【POJ 2406】 Power Strings(KMP求循环节)
【POJ 2406】 Power Strings(KMP求循环节)
| Time Limit: 3000MS | Memory Limit: 65536K | |
| Total Submissions: 40536 | Accepted: 16862 |
Description
Given two strings a and b we define a*b to be their concatenation. For example, if a = "abc" and b = "def" then a*b = "abcdef". If we think of concatenation as multiplication, exponentiation by a non-negative integer is defined in the normal way: a^0 = "" (the empty string) and a^(n+1) = a*(a^n).
Input
Each test case is a line of input representing s, a string of printable characters. The length of s will be at least 1 and will not exceed 1 million characters. A line containing a period follows the last test case.
Output
For each s you should print the largest n such that s = a^n for some string a.
Sample Input
abcd aaaa ababab .
Sample Output
1 4 3
Hint
This problem has huge input, use scanf instead of cin to avoid time limit exceed.
Source
Waterloo local 2002.07.01
之前只在比赛中接触到过循环节,还蛮频繁的。当时直接夹杂出来个最小表示。。当时挺懵的。专题做到KMP这里,惊喜的发现是个循环节(虽然起初不是按循环节写的。。。

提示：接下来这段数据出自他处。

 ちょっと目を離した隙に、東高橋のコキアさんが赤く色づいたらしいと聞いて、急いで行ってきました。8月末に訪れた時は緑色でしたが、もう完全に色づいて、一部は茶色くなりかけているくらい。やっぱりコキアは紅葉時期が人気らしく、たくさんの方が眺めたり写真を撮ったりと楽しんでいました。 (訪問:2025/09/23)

对KMP理解突然加深了一大截,不过起初用了种类似dp的方法,借用了之前的状态(由于先写的1961 直接抓来同样的代码改改交了 发现时间好久 然后才明白了……
首先对于Next数组,Next[i]其实实在i-1上建立的,也就是i-1与其应匹配的位置上的字符匹配,如果不同就往前找,直到找到第一个匹配的字符str[j],或者找到串首,然后给Next[i]赋值j+1 表示i失配后应和str[j+1]比较
这样来看,如果通过Next来找第i个字符往前的最早匹配,其实应该观察Next[i+1] 这样其实从Next[i+1]-1到i间就是前缀串i的重复子串 也就是长为i的前缀的模式串
那么题中所求的就是长为len的前缀的模式串 也就是len/Next[len](Next数组下标从0开始
代码如下:
#include <iostream>
#include <cmath>
#include <vector>
#include <cstdlib>
#include <cstdio>
#include <cstring>
#include <queue>
#include <stack>
#include <list>
#include <algorithm>
#include <map>
#include <set>
#define LL long long
#define Pr pair<int,int>
#define fread() freopen("in.in","r",stdin)

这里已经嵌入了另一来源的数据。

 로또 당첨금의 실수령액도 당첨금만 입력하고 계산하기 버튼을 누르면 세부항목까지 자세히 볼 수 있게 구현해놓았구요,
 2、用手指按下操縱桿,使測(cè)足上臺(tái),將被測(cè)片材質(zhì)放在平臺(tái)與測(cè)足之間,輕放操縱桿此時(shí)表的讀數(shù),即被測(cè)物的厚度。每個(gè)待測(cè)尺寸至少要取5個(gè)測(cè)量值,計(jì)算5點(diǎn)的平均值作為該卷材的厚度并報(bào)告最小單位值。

#define fwrite() freopen("out.out","w",stdout)
using namespace std;
const int INF = 0x3f3f3f3f;
const int msz = 10000;
const int mod = 1e9+7;
const double eps = 1e-8;
char str[2333333];
int Next[2333333];
int n;
void GetNext()
{
int j,i = 0;
j = Next[0] = -1;
while(i < n)
{
while(j != -1 && str[i] != str[j]) j = Next[j];
++i,++j;
Next[i] = j;
}
}
int main()
{
//fread();
//fwrite();
while(~scanf("%s",str) && str[0] != '.')
{
n = strlen(str);
GetNext();
printf("%d\n",(n%(n-Next[n]) == 0)? n/(n-Next[n]): 1);
}
return 0;
}